Consumer Health Digest #18-07
Your Weekly Update of News and Reviews
February 18, 2018
Consumer Health Digest is a free weekly e-mail newsletter edited by William M. London, Ed.D., M.P.H., with help from Stephen Barrett, M.D. It summarizes scientific reports; legislative developments; enforcement actions; news reports; Web site evaluations; recommended and nonrecommended books; and other information relevant to consumer protection and consumer decision-making. Its primary focus is on health, but occasionally it includes non-health scams and practical tips.
Former hospital owner sentenced for spinal surgery referral scheme. A federal judge has sentenced Michael D. Drobot, who owned Pacific Hospital in Long Beach, California, to 63 months in prison for overseeing a 15-year-long fraudulent scheme that involved more than $40 million in illegal kickbacks paid to dozens of doctors, chiropractors, and others in exchange for referring thousands of patients. The scheme led to more than $500 million in fraudulent bills submitted during its final five years. The kickbacks were financed largely from Drobot's sale of medical devices through his own medical hardware company, International Implants, that were implanted into state workers' compensation patients during the operations. The typical kickbacks were $15,000 for lumbar fusion and $10,000 for cervical fusion surgery. As part of the scheme, Drobot billed an extra $250 per device and paid bribes to California State Senator Ronald Calderon for performing official acts to keep on the books a now-repealed law that required the state to pay the full amount of the invoices. Calderon is now serving a three-and-half year sentence in federal prison after admitting to taking bribes from Drobot and undercover FBI agents. [Former hospital owner sentenced to over 5 years in prison for orchestrating scheme that paid over $40 million in illegal kickbacks to doctors, other medical professionals for spinal surgery referrals. USAO Press Release Number 18-006, Jan.12, 2018]
OIG blasts continuing chiropractic overpayments under Medicare. The Office of the Inspector General of the U.S. Department of Health and Human Services has published a portfolio that summarizes the vulnerabilities identified in previous audits, evaluations, investigations, and legal actions related to chiropractic services under Medicare. [Medicare needs better controls to prevent fraud, waste, and abuse related to chiropractic services. OIG A-09-16-02042, Feb 2018] The report notes:
- From 2010 to 2015, chiropractors had the highest improper payment rates among Medicare Part B providers.
- The improper payment rate for chiropractic services ranged from 43.9% to 54.1%, and the estimated overpayments per year ranged from $257 million to $304 million.

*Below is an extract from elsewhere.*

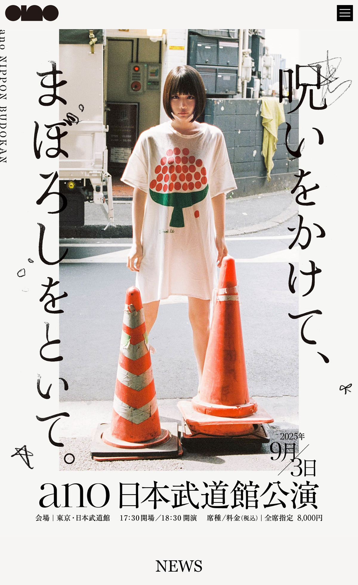 ano、自身初となる日本武道館公演を2025年9月3日(水)に開催!公演に関する各種情報を掲載しています。

The previous recommendations made by OIG that have not been implemented include:
- implementing and enforcing policies to prevent future payments for "maintenance therapy"
- establishing a more reliable control for identifying active treatment
- setting a limit on the number of chiropractic services to actively treat spinal "subluxation"
- limiting the number of chiropractic services that Medicare will reimburse
The previous recommendations have been ineffectively implemented include:
- ensuring services comply with coverage criteria
- educating chiropractors regarding coverage requirements
In addition to these measures, OIG advises the Centers for Medicare & Medicaid Services (CMS) to:
- work with its contractors to educate chiropractors on the training materials that are available to them
- educate beneficiaries on the types of chiropractic services that are covered by Medicare, inform them that massage and acupuncture services are not covered, and encourage them to report to CMS chiropractors who are providing non-covered services
- identify chiropractors with aberrant billing patterns or high service denial rates, select a statistically valid random sample of services provided by each chiropractor identified, review the medical records for the sampled services, estimate the amount overpaid to each chiropractor, and request that the chiropractors refund the amounts overpaid by Medicare
- establish a threshold for the number of chiropractic services beyond which medical review would be required for additional services
The OIG has been complaining for more than 30 years about Medicare overpayments to chiropractors. Chirobase has a summary of the problem and links to the relevant reports.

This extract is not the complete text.